The shape definition includes components, constraints, alias, editing behavior and display method. According to these parts, the description can be translated into shape recognizers.


Discussion:
it is very interesting to generate recognizer for different domain by just defining the description and constraint of that domain. While,the user needs to be familiar themselves with this language and the limited number of primitives may constrict the user.

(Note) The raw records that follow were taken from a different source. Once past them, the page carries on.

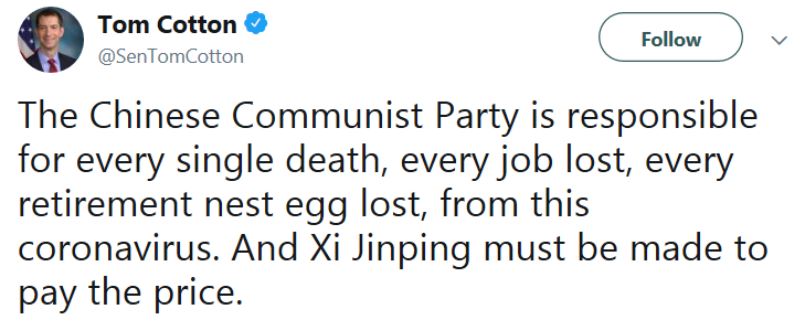Remember that, way back on February 16 on Fox News, Senator Tom Cotton first shone a bright light on the Wujan National Virology Institute as the potential source of this virus —And was severely criticized by the “main stream” pro-China hyena-media-pack as a “conspiracy theorist” and a far-right loon—as was Maria Bartiromo and Fox News.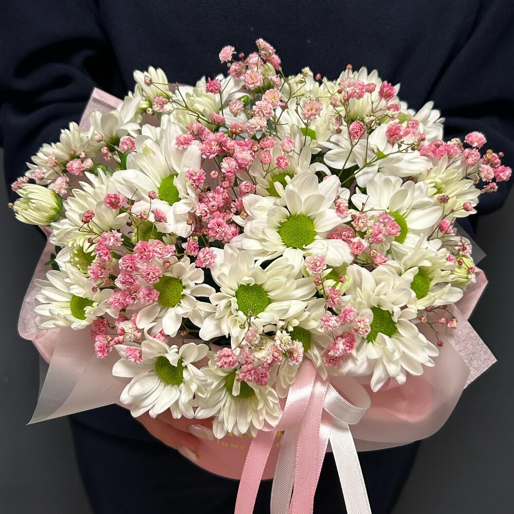 Композиция в коробке из кустовой хризантемой и розовой гипсофилой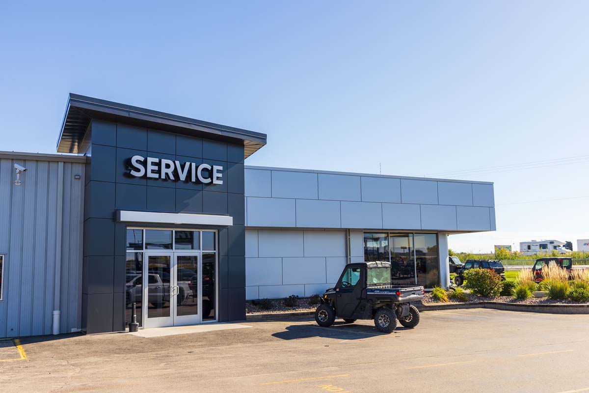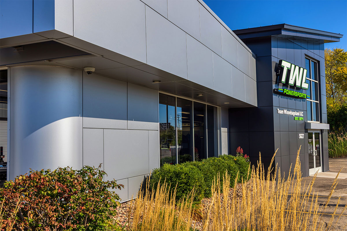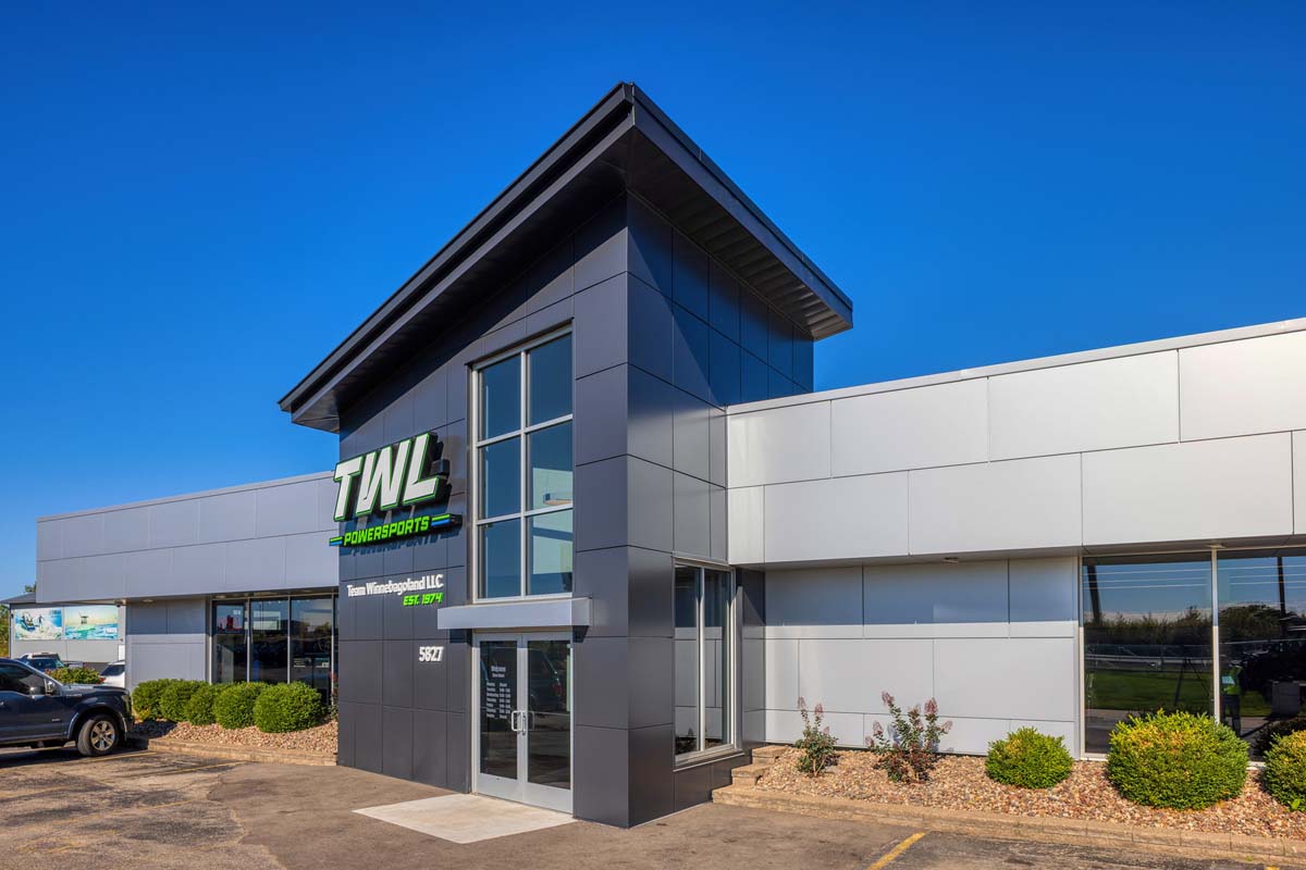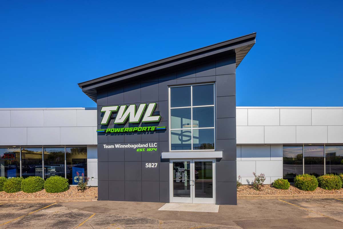 The completed remodel gives Team Winnebagoland a facility that reflects the energy and professionalism of the brand. With durable materials, sharp detailing, and a dramatic entry feature, the building is positioned to make a strong impression for years to come.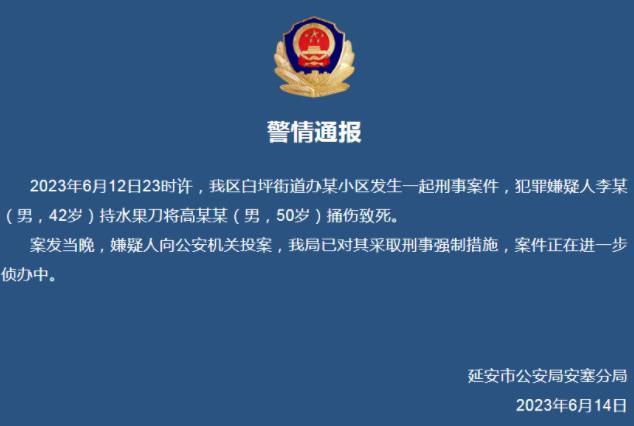 2023年6月12日23時(shí)許,我區(qū)白坪街道辦發(fā)生一起嚴(yán)重刑事案件。案件中,犯罪嫌疑人李某(男,42歲)持水果刀將高某某(男,50歲)捅傷致死。

Reading #9 PaleoSketch: Accurate Primitive Sketch Recognition

Reading #9 PaleoSketch: Accurate Primitive Sketch Recognition
Comment on:
Summary:
PaleoSketch is a low-level (primitive) recognizer, which can deal with 8 basic shapes (line, polyline, circle, ellipse, arc, curve, spiral and Helix) with recognition more than 98%. In addition, it doesn’t ask users to always draw in certain way and leave them more freedom.
This recognizer first use pre-recognition to do some preparation for future shape test. It includes removing consecutive, generating some graphs and values, computing NDDE and DCR (which are useful for distinguishing polyline and arcs) and removing tails. In addition, the stroke is also tested for whether being over traced and closed.
Then, PaleoSketch conducting test for each basic shape. These tests are based on the feature of the shapes and some manually defined thresholds. A complex test is also used to deal with strokes that are better defined as the combination of more than 1 primitive.  The recognizer use a ranking algorithm to order all the interpretation and choose the best fit from them.
Discussion:
PaleoSketch analysis the characteristic of each shape and computing some useful features to evaluate them, and its results are important for high-level recognizers. For each stroke, it uses all the tests and then finds the best fit from them. This could be time consuming. If the test itself can generate an absolute confidence of being this kind of shape, maybe we can avoid doing other tests anymore.

2010年12月9日星期四

# 8 $N: A Multistroke Recognizer


# 8 $N: A Multistroke Recognizer
Comments:
Summary:
$N is an extension of $1 from the same author. $ N algorithm solves many limitations of $1. Below are some new functions of $N:
(1)   Being able to recognize multistroke gestures, also, this algorithm automatically generates all possible combination of those strokes, which is very convenient for users.
(2)   $N can distinct gestures that only different on their orientations. This is done by using bounded rotation invariance instead of full rotation invariance.
(3)   Being able to distinguish 1D gestures like lines.  $N firstly differentiates 1D from 2D by computing their ratio of sides of their oriented bounding box. Obviously, this ratio of 1D gesture is lower than 2D’s.
(4)   $N also use start angles to decrease the number of comparisons. In addition, it also speeds up the algorithm by comparing only with templates with the same number of strokes.
Discussion:
$N is still very simple for implementing. Even though it announce can deal with multistroke, actually it still deal with them as one stroke gestures.  That is why it has difficulty to distinguish “=” with z. Also, if the number of strokes increased, the speed of this algorithm will be decreased. I am interested about combine some features of Protractor with $N.

Reading #4: Skethpad

#4 Skethpad: A HCI system more than 50 years ago
Comments on:
Summary:
Sketchpad is the first pen-based sketching system. As an example, the author introduces steps to draw a combination of hexagons with the help of circle and defining the relation between them. The author also argues that the construction of a drawing with Sketchpad is actually a model of designing process.
Then, this paper talks about the ring structure of the system. Then the author focus on introducing the design of some main part of the system, like light pen, how to display drawings, the mathematics model of basic shapes and the algorithm of editing shapes, etc.
At the last, this paper shows some interesting application of Sketchpad, such as patterns, bridges and artistic drawings.
Discussion:
Many ideas introduced in this paper are breakthrough at that time. Even though, compare with many devices nowadays, Sketchpad is simply a drawing pad that is not convenient for users, the ideas behind it are the foundation of today’s HCI designing and even for Object-oriented programming.